Here's hoping for the best for both you and Alan - j

Thank you my dear Dahlek:

The nicest people are on these boards. That's all I can say!!!!

Want to have a laugh? I'm sitting in front of my computer at 12:noon just trying to learn Mrs. Doubtfire's mailwash thing and my phone rings and it's my sister-inlaw and she goes "have the kids called you yet"? and I said "what kids"?? And she goes Janine and Brian (these are her daughter 36 and husband 37, she still calls them THE KIDS!!!.

I said "why are your kids calling me" and she says: "they are coming over to your house, they are at the Brooklyn Aquarium with the little ones and they want to come and see you". I said" "no, no one's called me but I have to hang up and put on some clothes".

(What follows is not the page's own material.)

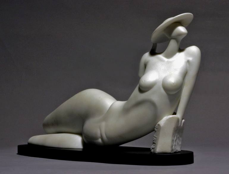 "L'ESTATE" This beautiful reclining nude is basking on a Riviera beach feeling the warmth of the noon sun, with only a wide brim hat to protect her. Carved from the finest Italian statuary marble,with a satin finish created with a razor sharp chisel,

You never saw someone clean a house, change from pajamas, clean the bathroom so fast in your life. As I'm polishing up the mirror the phone rings and I go with a big HELLO, (thinking it's the KIDS) and it's my sister in law saying "don't bother, they're not coming, the kids are cranky, they want to go home" I said "And I just cleaned my whole house (you know when you have company, it's called COMPANY CLEANING!!!!).

I started to laugh. So I changed back to comfortable pj's and now my house is sparkling. Alan wasn't even home, he went to some trade show in NYC.

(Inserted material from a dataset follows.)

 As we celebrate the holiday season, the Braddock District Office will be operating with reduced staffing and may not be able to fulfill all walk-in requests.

So now I'm back trying to learn this mail wash thing. It's supposed to get rid of spam in my e-mail AND BELIEVE ME, I GET SPAM IN MY EMAIL.

regards,

Melody

Parenthood
 

Dear Melody:

No matter how old our "kids" get, we never stop being Mothers.

Shirley H.

Dear Melanie
 

I am really sorry to hear about your son. I am the parent of an only child too, and my child means the world to me. He is the reason I get out of bed in the morning and the reason I fight against my PN. He is growing up way too fast, and getting more and more independant. I have to keep on reminding myself that he is not mine as a possession,but it is my job to give him roots and then wings I guess.

But a mother is a mother no matter how old her children be.

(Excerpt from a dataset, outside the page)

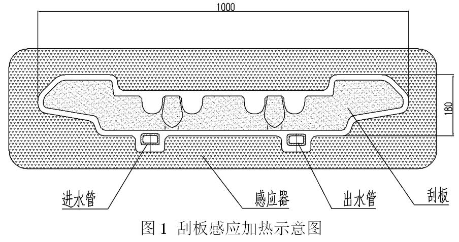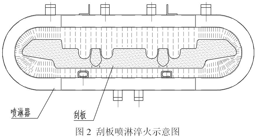 感應加熱電源使用KGPS-350可控硅中頻電源,額定功率為350kW。自制仿形感應器、淬火噴淋器和送料機構。感應器和刮板的形狀見圖 1,噴淋器的結構見圖2。當送料機構把刮板運送到感應線圈后開始加熱(圖1),加熱完成后,送料機構再把刮板送到噴淋器淬火(圖2),在噴淋器內的淬火是分段淬火的,噴淋器相對于刮板的端頭和中段的內腔是隔開的,分別由兩個泵控制其流量及噴淋時間。

When I think of my child growing up so fast, I think of this poem I read,
by Robert Frost.

Natures first green is gold
Her hardest hue to hold
Her early leaf a flower
But only so an hour

Then leaf subsides to leaf
So Eden sank to grief
So dawn goes down to day
Nothing gold can stay-


I hope this get's easier for you Mel,and remember always, you did the best job you could.

about the program...
 

Melody...it was Chemar who suggested the mailwasher, not I.

I don't use OutLook at all. I use Yahoo only. All weird mail in Yahoo goes to the spam folder... they filter it for you. I really like Yahoo for that reason.

Perhaps a PM to Chemar would give you the solutions to your frustrations?